Raw Pet Food Safety: Understanding the Risks

NorthPoint’s founder, Nicole Cammack, a Ph.D. candidate at the University of Georgia’s College of Veterinary Medicine

Choosing a diet for your pets is no small decision, especially when considering raw, minimally processed (MP) diets. Due to their perceived health benefits, these diets are becoming increasingly popular. However, there is also concern about the potential transmission of foodborne pathogens. A recent study led by NorthPoint’s founder, Nicole Cammack, a Ph.D. candidate at the University of Georgia’s College of Veterinary Medicine, provides valuable insights for any pet owner considering or currently feeding their pets a raw diet.

Research Overview

Nicole’s study surveyed 5,611 households across 62 countries to assess the frequency of pathogen transmission from raw diets to humans.

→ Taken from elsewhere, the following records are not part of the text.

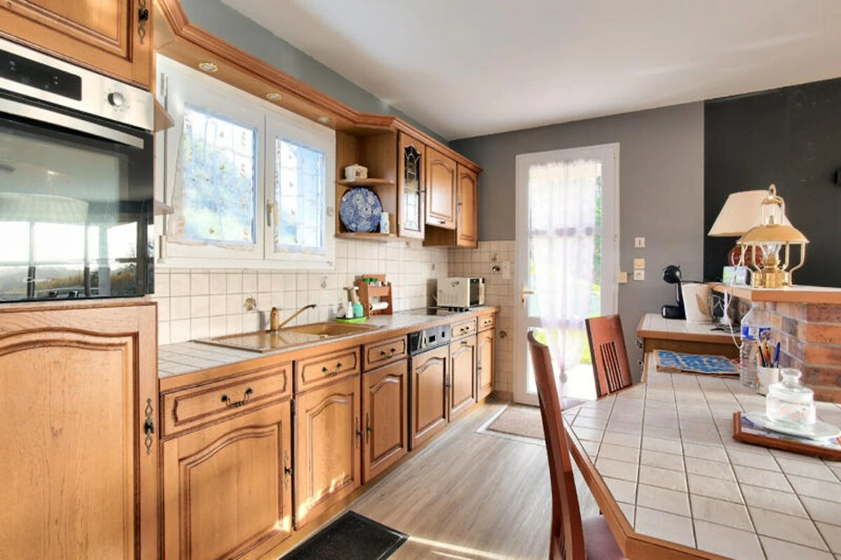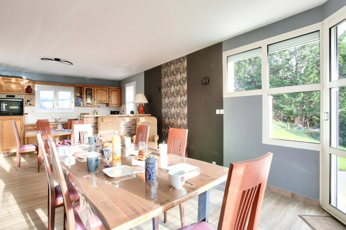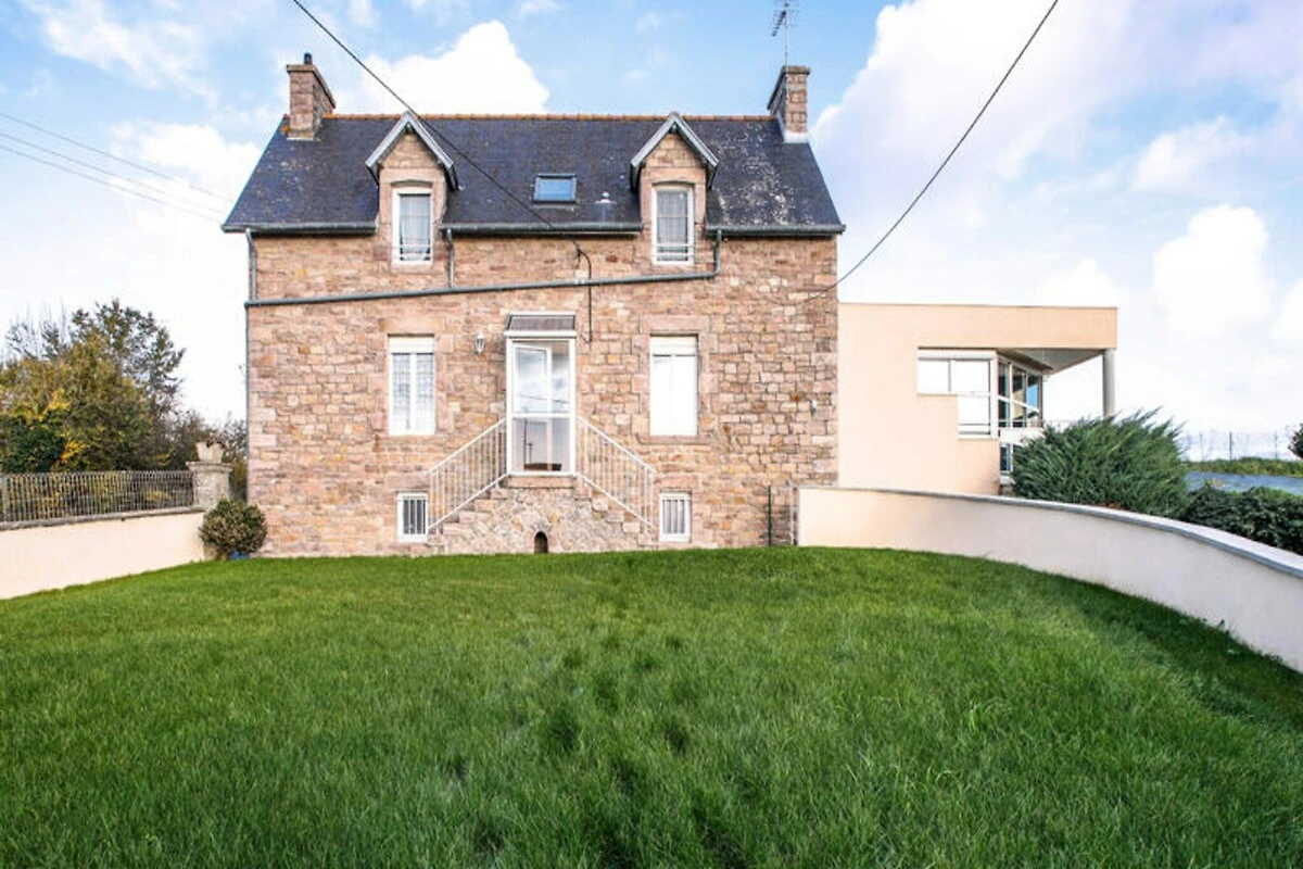Inmitten der idyllischen Landschaft nahe Erquy lädt dieses charmante Haus zum Entspannen ein, nur 2 km von Sandstränden und dem lebhaften Stadtzentrum entfernt. Umgeben von einem weitläufigen, 3000 m² großen Garten ist es der perfekte Rückzugsort für Familien oder Freunde, die Ruhe und Abenteuer an der Küste suchen. Stellen Sie sich Morgenstunden voller frischer Luft und Abende vor, an denen Sie beim Essen durch die großen Panoramafenster den Blick auf die üppige Landschaft genießen. Hier fühlt sich jeder Moment wie ein Hauch frischer Luft an. \n\nDas Haus bietet bequem Platz für bis zu sechs Gäste. Im Erdgeschoss finden Sie eine gemütliche TV-Lounge zum Entspannen, eine voll ausgestattete Küche mit modernen Geräten und einen geräumigen, lichtdurchfluteten Essbereich. Ebenfalls im Erdgeschoss befinden sich ein Schlafzimmer mit Doppelbett und eigenem Bad sowie ein Hauswirtschaftsraum mit Waschmaschine und zusätzlichem Kühlschrank. Im Obergeschoss bieten zwei weitere Schlafzimmer, jeweils mit Doppelbett und eigenem Duschbad, Privatsphäre und Komfort. Dank der großzügigen Parkmöglichkeiten für drei Autos ist Komfort garantiert. Die Lage ist ideal, um die Schätze von Erquy zu entdecken. Schlendern Sie ins Stadtzentrum mit seinen lebhaften Märkten und charmanten Restaurants – alles nur 1 km entfernt. Die Strände von Erquy und Caroual erreichen Sie nach einer kurzen 2-km-Fahrt und bieten feinen Sand und atemberaubende Ausblicke. Golfliebhaber können den nahegelegenen Golfplatz Fréhel genießen, während Wellness-Suchende sich im Spa Marin du Val André verwöhnen lassen können. Naturfreunde finden auf dem Küstenwanderweg GR34 unvergessliche Wanderungen entlang dramatischer Klippen und durch unberührte Landschaften. Ob Sie Entspannung oder Abenteuer suchen – diese Unterkunft bietet die perfekte Kombination aus Komfort, Charme und der Nähe zu den Highlights von Erquy. Lassen Sie sich während Ihres Aufenthalts von der Schönheit der Bretagne verzaubern.
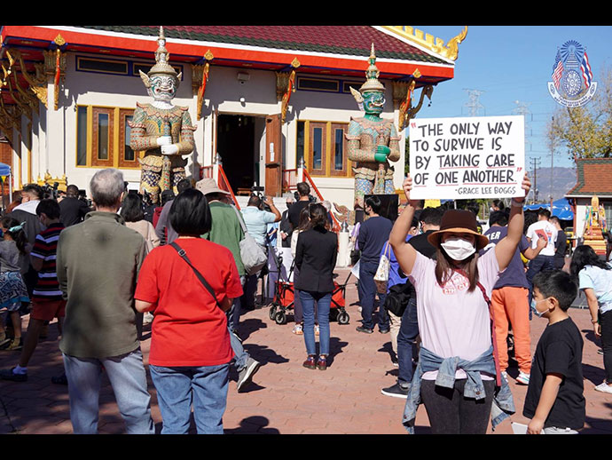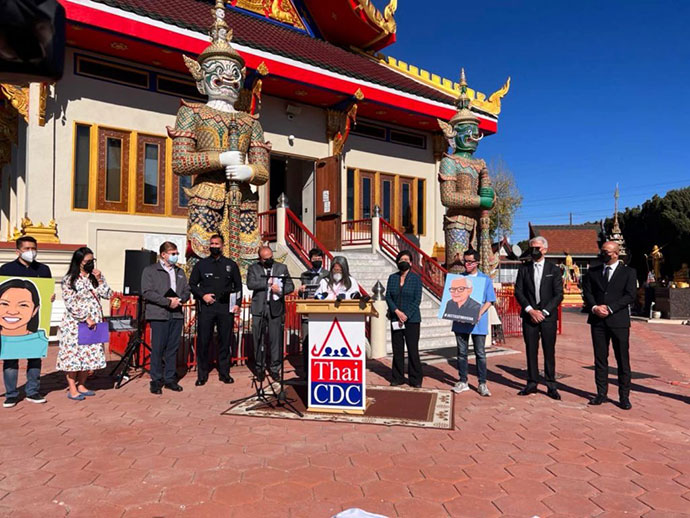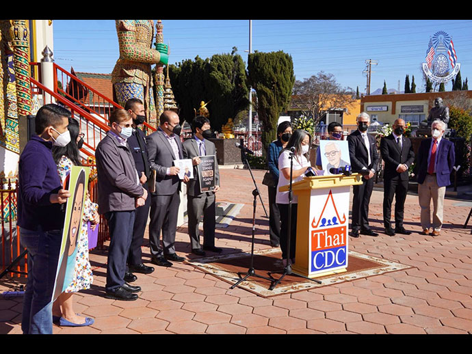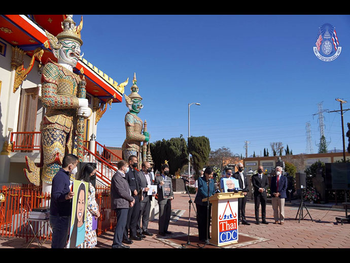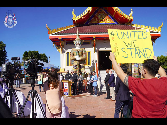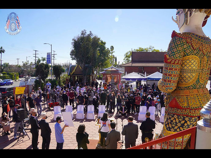โดยมีกงสุลใหญ่นครลอสแอนเจลิส ต่อ ศรลัมพ์ เป็นผู้นำกลุ่มชุมชนชาวไทยในกิจกรรมครั้งนี้ นอกจากนี้ ยังมีผู้แทนองค์กร สมาคมไทยต่างๆ เข้าร่วมด้วย โดยบุคคลสำคัญที่ร่วมงานต่างแสดงจุดยืนต่อต้านอาชญากรรมจากความเกลียดชัง และยืดหยัดที่จะต่อสู้เพื่อยุติอาชญากรรมต่อชาวเอเชียทุกช่องทาง
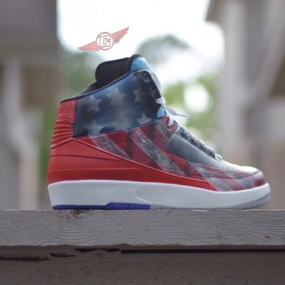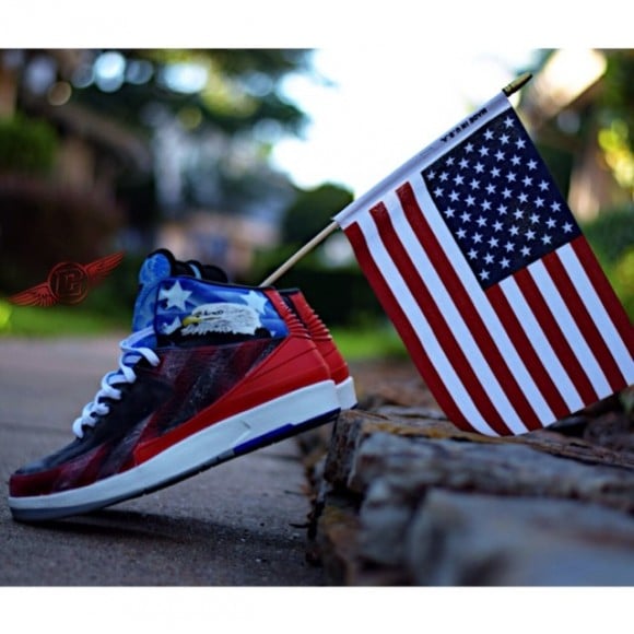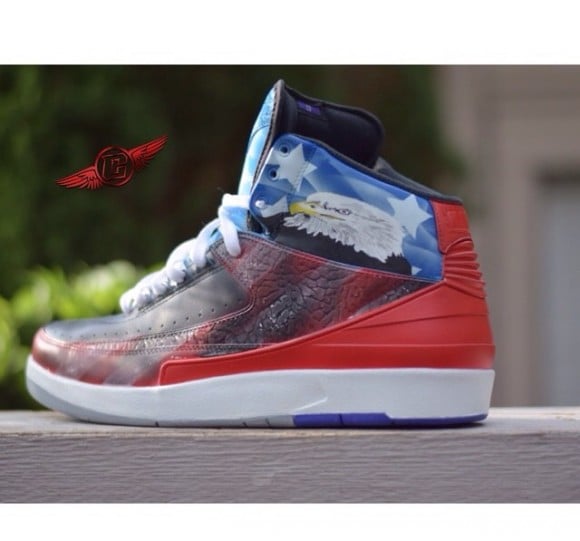 The Air Jordan 2 ‘Independence Day’ customs by Ceesay14 feature painted artwork of the bald eagle, in addition to patriotic stars and stripes. Tones of red, white and blue make up the shoes, with red being the most dominant, especially on the rear paneling. A prominent bald eagle appears on the outside of the shoes, while a grainy pattern of white stars and red stripes plague the uppers.
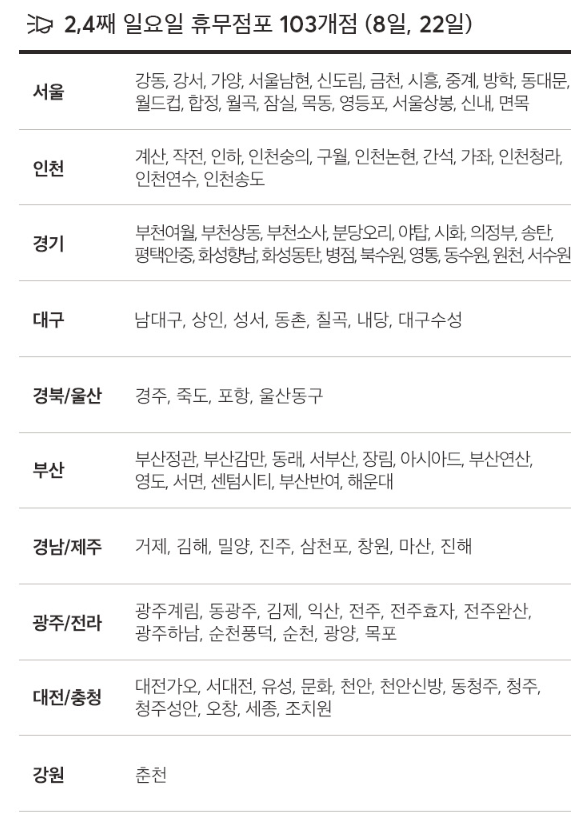 전국 대다수인 103개의 홈플러스 점포가 1월 2,4째 일요일인 1월 8일과 1월 22일에 휴무를 실시하게 됩니다.
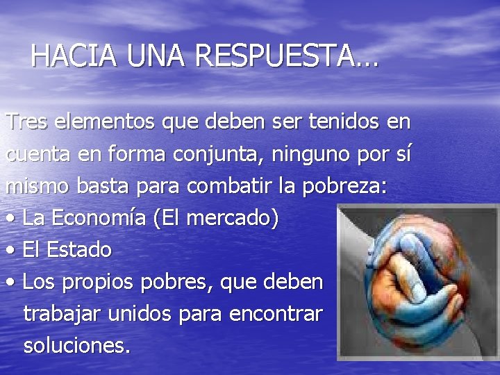HACIA UNA RESPUESTA… Tres elementos que deben ser tenidos en cuenta en forma conjunta, ninguno por sí mismo basta para combatir la pobreza: • La Economía (El mercado) • El Estado • Los propios pobres, que deben trabajar unidos para encontrar soluciones.

The objective of this extensive survey was to gather owner-reported data on whether individuals in their households had contracted illnesses that could be linked back to the raw diets fed to their pets.


  • Of the households that fed raw-only diets to their dogs and/or cats, 77.1% reported no confirmed cases of pathogen transmission or infection by laboratory testing.
  • Eleven households (0.20%) were classified as having experienced “probable” transmission, and 20 households (0.36%) were classified as having experienced “possible” transmission.
  • The remainder of households (99.45%) were not considered to have experienced potential transmission of foodborne pathogens.
  • The most frequently reported pathogens were Salmonella (0.2%), Campylobacter (0.1%), and Escherichia coli (0.1%), all of which are known to pose health risks in both raw and cooked meats.
  • The most commonly fed proteins were beef and chicken. However, these meats were not associated with pathogen transmission. Protein sources used by households with decreased pathogen transmission risk included pork, turkey, duck, rabbit, and salmon.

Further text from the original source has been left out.